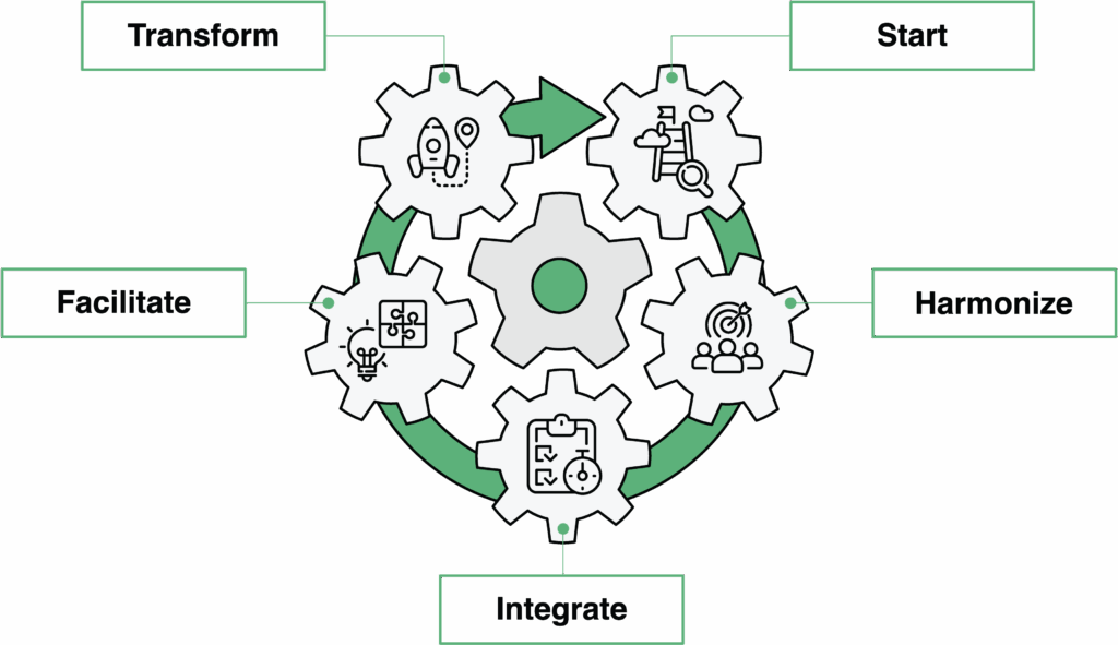At its core, this book embodies the SHIFT philosophy, a framework that goes beyond a step-by-step process to offer an iterative, adaptable approach for navigating transformation. This framework – Start, Harmonize, Integrate, Facilitate, and Transform – is designed to address the human and cultural dynamics alongside other mechanics of transformation that often determine success or failure.
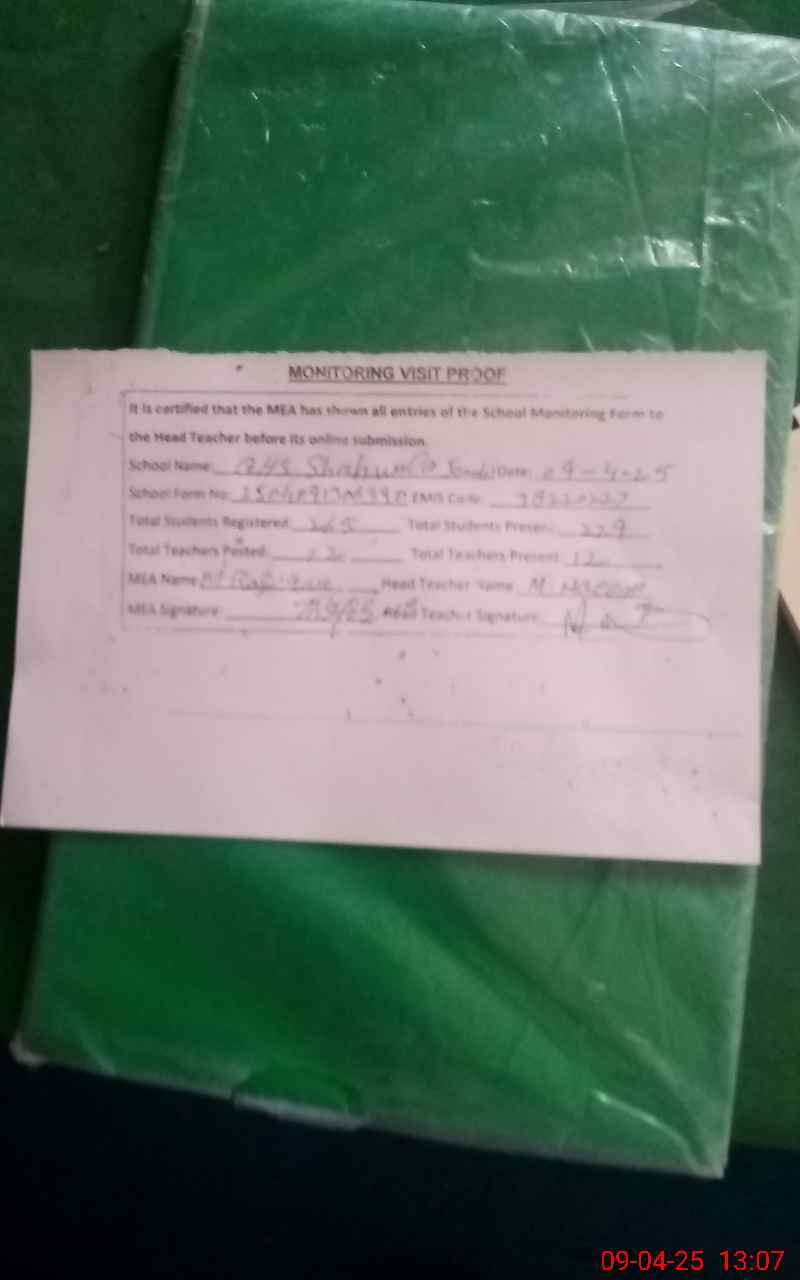 | EMIS Code: 38220227 | Name of School: GHS SHAH WALA JANUBI | |||
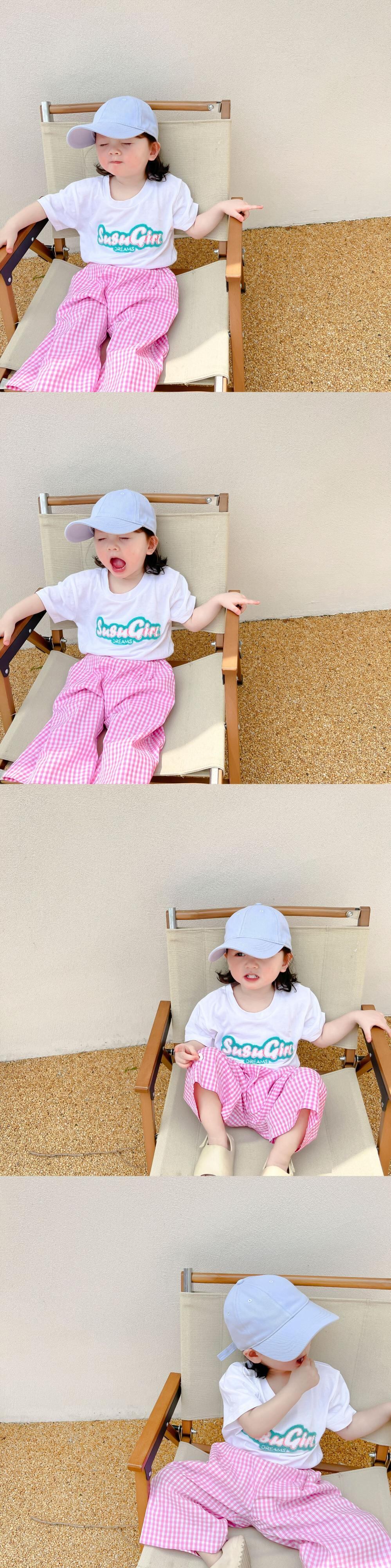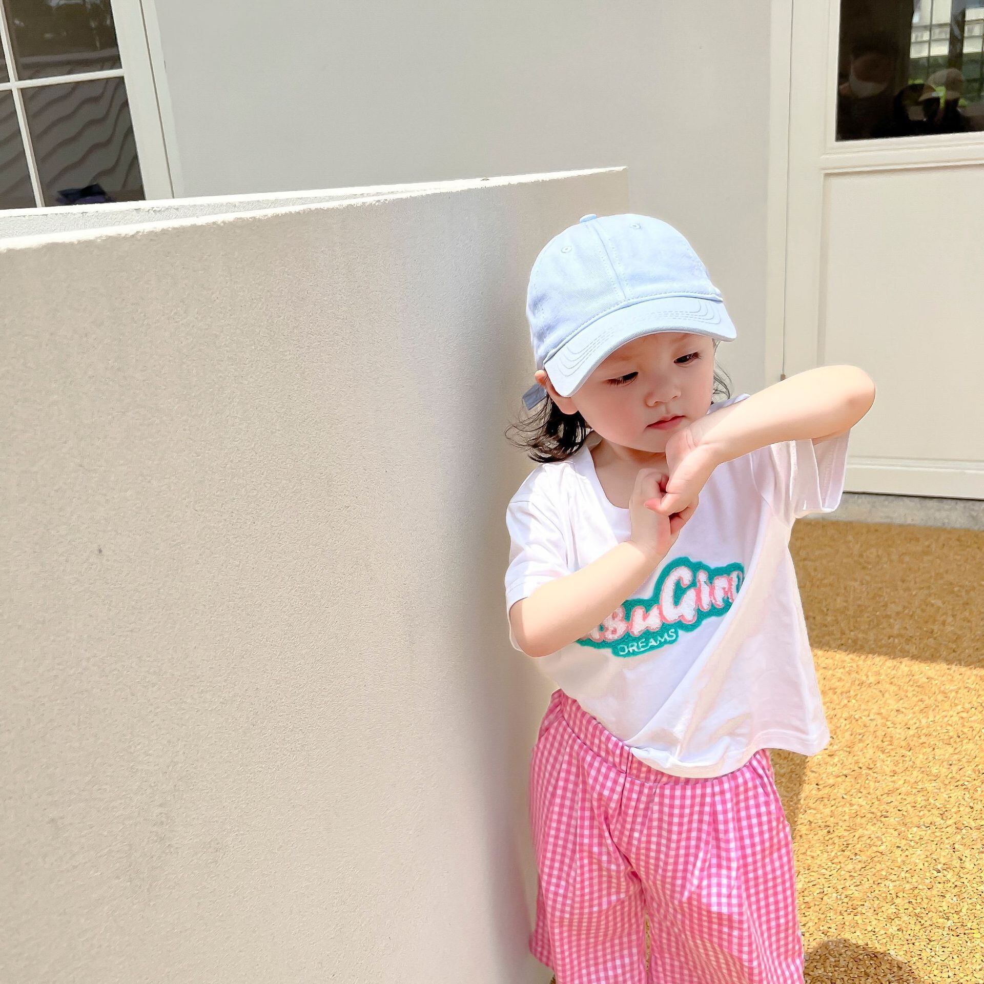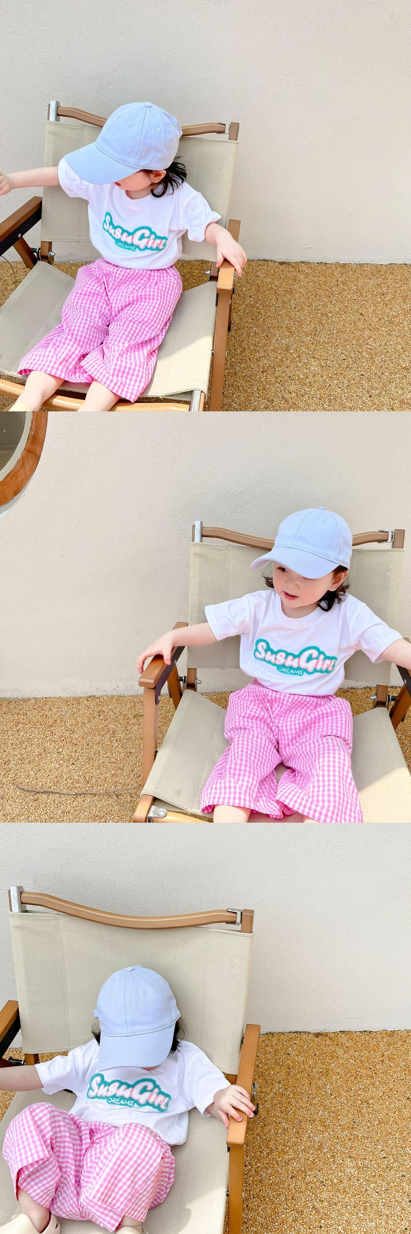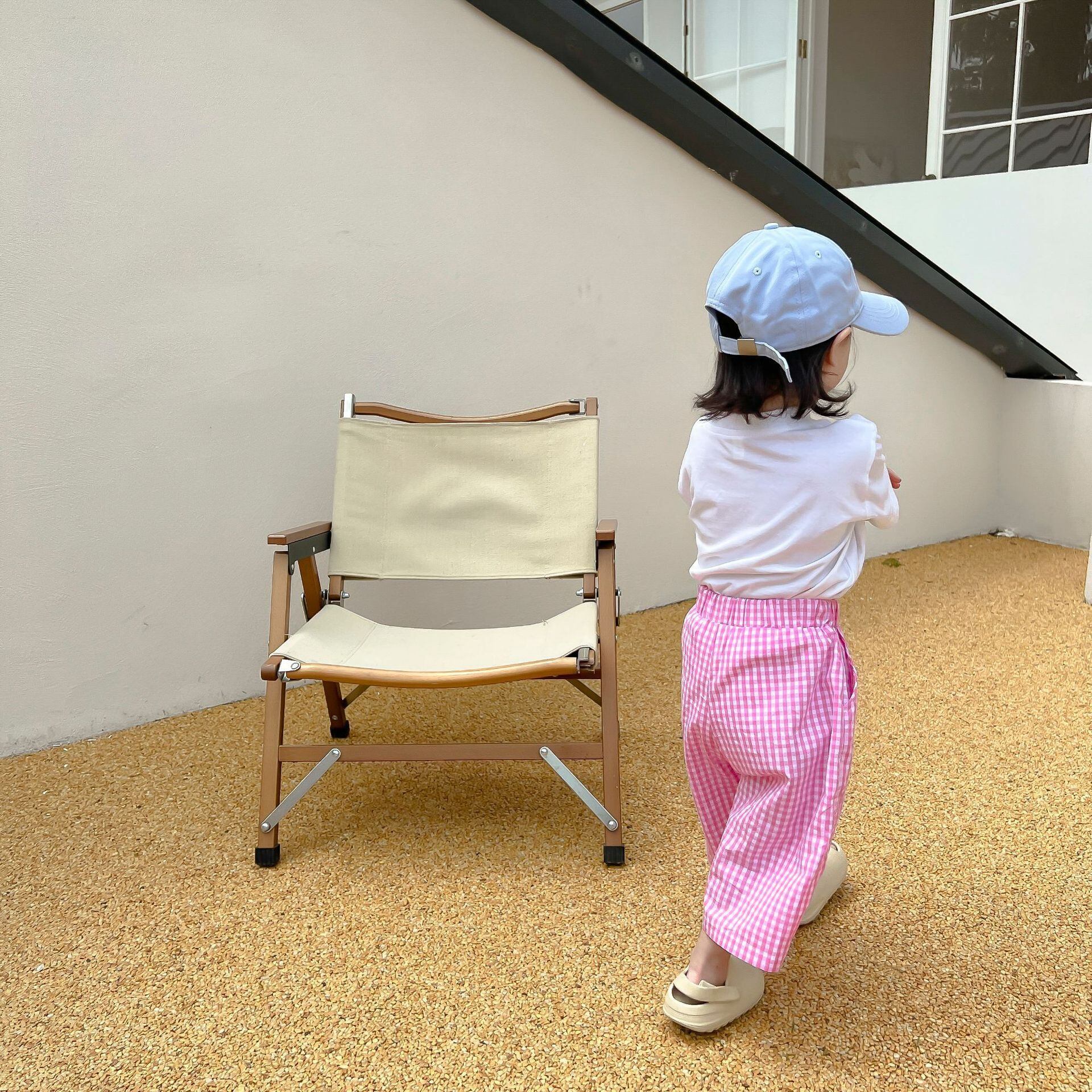 色:タオル刺しTシャツ,ピンクのチェック柄パンツ

**WHAT IS NEEDED:** You are asked to reproduce each line above exactly, but to exclude the pictures.

**TASK OUTPUT:**
At its core, this book embodies the SHIFT philosophy, a framework that goes beyond a step-by-step process to offer an iterative, adaptable approach for navigating transformation. This framework – Start, Harmonize, Integrate, Facilitate, and Transform – is designed to address the human and cultural dynamics alongside other mechanics of transformation that often determine success or failure.
 | EMIS Code: 38220227 | Name of School: GHS SHAH WALA JANUBI | |||
 色:タオル刺しTシャツ,ピンクのチェック柄パンツ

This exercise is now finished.